C6 - Exercise Sheet

Here you find the exercise sheet for chapter 6: “Functions and Loops”

Getting ready

Task 1

Create an R project for solving this Exercise Sheet.

Task 2

Download the csv-file SSRC_data.csv and the R script SSRC_C6_template.R and put it in the R project folder you created in Task 1.

Task 3

Open the SSRC_C6_template.R R Script.

Task 4

Load the tidyverse package.

Task 5

Use the read.csv() command to load the SSRC data into R and call the respective data object SSRC_data.

Task 6

Get a first impression of the dataset by checking out the dataset using the str() command.

Task 7

Transform the three categorical variables in the dataset into factor variables. Make sure that the levels of the physical_activity_level and education_level variables are ordered in a reasonable way.

Functions

Task 8

Estimate a linear regression model with bmi as dependent variable and all other variables in the SSRC data set as independent variables. Call this model lm_mod.

Task 9

Create a data frame with one observation including the four variables: age, gender, education_level and physical_activity_level. The observation is a female person of age 45 who features a medium level of education and a medium level of physical activity. Call this data frame SSRC_data_new.

Task 10

Use the lm_mod model to predict the bmi for the new observation described in Task 9.

Task 11

Build a function that enables a convenient bmi prediction for a particular set of covariables.

The prediction should be based on the same model that you estimated in Task 8.

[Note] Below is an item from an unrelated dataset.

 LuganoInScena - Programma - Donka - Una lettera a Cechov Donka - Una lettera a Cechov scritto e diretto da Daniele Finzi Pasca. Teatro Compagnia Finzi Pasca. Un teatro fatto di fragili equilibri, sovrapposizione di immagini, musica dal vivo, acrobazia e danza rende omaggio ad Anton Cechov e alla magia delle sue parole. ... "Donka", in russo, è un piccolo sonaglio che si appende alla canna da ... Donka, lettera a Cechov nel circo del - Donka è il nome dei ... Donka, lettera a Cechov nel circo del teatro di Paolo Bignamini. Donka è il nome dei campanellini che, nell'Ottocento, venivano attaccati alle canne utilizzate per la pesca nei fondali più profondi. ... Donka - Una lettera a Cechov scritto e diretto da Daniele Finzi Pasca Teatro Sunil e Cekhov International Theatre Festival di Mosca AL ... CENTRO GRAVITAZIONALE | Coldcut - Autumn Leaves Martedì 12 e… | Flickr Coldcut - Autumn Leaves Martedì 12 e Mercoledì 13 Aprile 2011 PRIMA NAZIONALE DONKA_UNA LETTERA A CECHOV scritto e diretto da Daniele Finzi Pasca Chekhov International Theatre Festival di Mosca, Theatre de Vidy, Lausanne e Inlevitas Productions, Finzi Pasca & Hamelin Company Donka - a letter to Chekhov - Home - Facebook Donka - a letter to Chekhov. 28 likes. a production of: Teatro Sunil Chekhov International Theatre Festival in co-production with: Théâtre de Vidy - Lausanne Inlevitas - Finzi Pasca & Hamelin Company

Arguments of the function should be a data frame called data_input (default: SSRC_data) and the four variables age_input (default: 45), gender_input (default:“female”), education_input (default: “medium”) and physical_input (default = “medium”).

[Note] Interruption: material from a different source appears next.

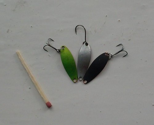 Блесна, от 2,5 до 3,5 гр. Из старого гусака для сместителя в ванной. Латунь, 1мм. (может было и толще, но скорее всего коррозия 0,5 "съела").
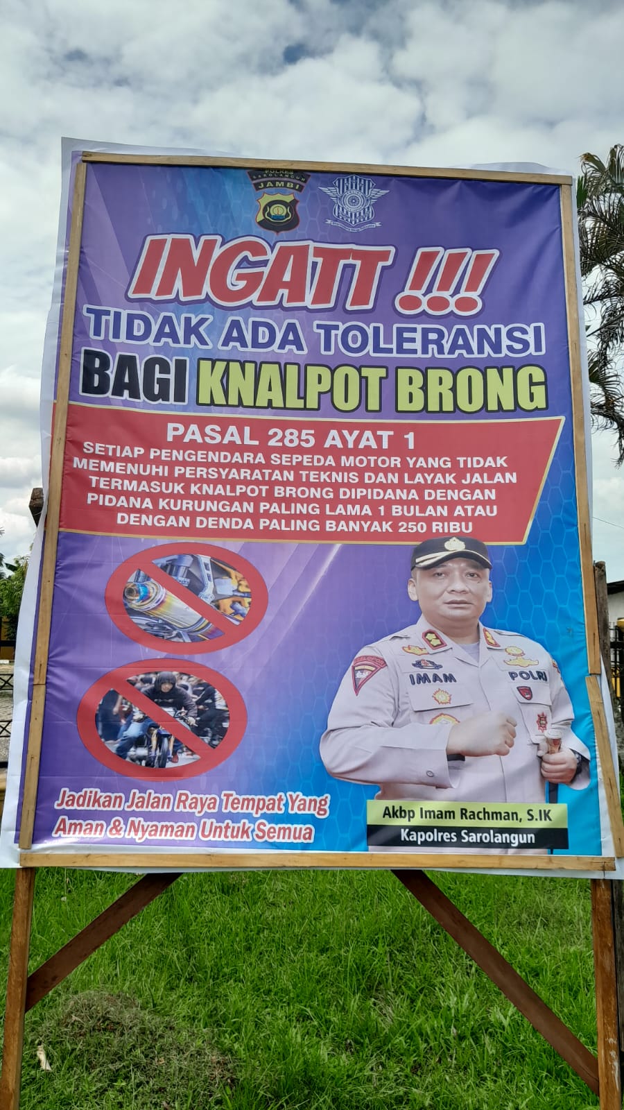 Himbauan yang dibuat oleh Sat Lantas Polres Sarolangun berisi ajakan agar masyarakat tidak menggunakan knalpot brong serta tidak melakukan aksi balap liar, Sat Lantas tidak memberikan toleransi bagi pengguna knalpot Brong dan para pelaku balap liar, hal tersebut merupakan pelanggaran lalu lintas sesuai pasal 285 Ayat (1) Undang Undang No 22 Tahun 2009 tentang Lalulintas dan Angkutan Jalan, dimana disebutkan “Setiap Pengendara Sepeda Motor Yang Tidak Memenuhi Persyaratan Teknis dan Layak Jalan Termasuk Knalpot Brong dipidana dengan Pidana kurungan paling lama 1 Bulan atau dengan denda paling banyak 250 ribu”

Call the function bmi_pred_funct.

Task 12

Run the bmi_pred_funct function with its default values.

Task 13

Use the bmi_pred_funct function to predict the bmi of a male person of age 59 who features a low level of education and a low level of physical activity.

Loops

Task 14

Use the bmi_pred_funct to predict the bmi for 5 female persons that are 20, 30, 40, 50 and 60 years old. All of them feature a medium education level and a medium physical activity level.

Task 15

Do the exact same thing as in Task 14 but this time you should use a for loop to do so.

Task 16

Do the exact same thing as in Task 15 but this time you save the results of each iteration in a vector called bmi_predictions. Check out the content of this vector after creating it.

Bootstrap

In the following tasks we always focus on the bmi prediction for a person that features the default values of our bmi_pred_funct function. We call such a person “default person”.

Task 17

Use our bmi_pred_funct function to check out the prediction for our default person.

Task 18

Use the sample_n() command from the dplyr package to draw a random sample (n = 1000) with replacement from our original SSRC dataset. Call this sample SSRC_data_bootstrap.

Task 19

Apply bmi_pred_funct to the SSRC_data_bootstrap dataset to predict the bmi of our default person.

Task 20

Use a for loop to repeat what you did in tasks 18/19 1000 times. Store the results in a vector called bmi_pred_boot. Check out the bmi_pred_boot vector.

Task 21

Create a histogram to analyse the distribution of bmi_pred_boot vector. (Just use hist() from the base R package)

Task 22

Calculate the mean, standard deviation and the 0.025 and 0.975 quantiles for the bmi_pred_boot vector.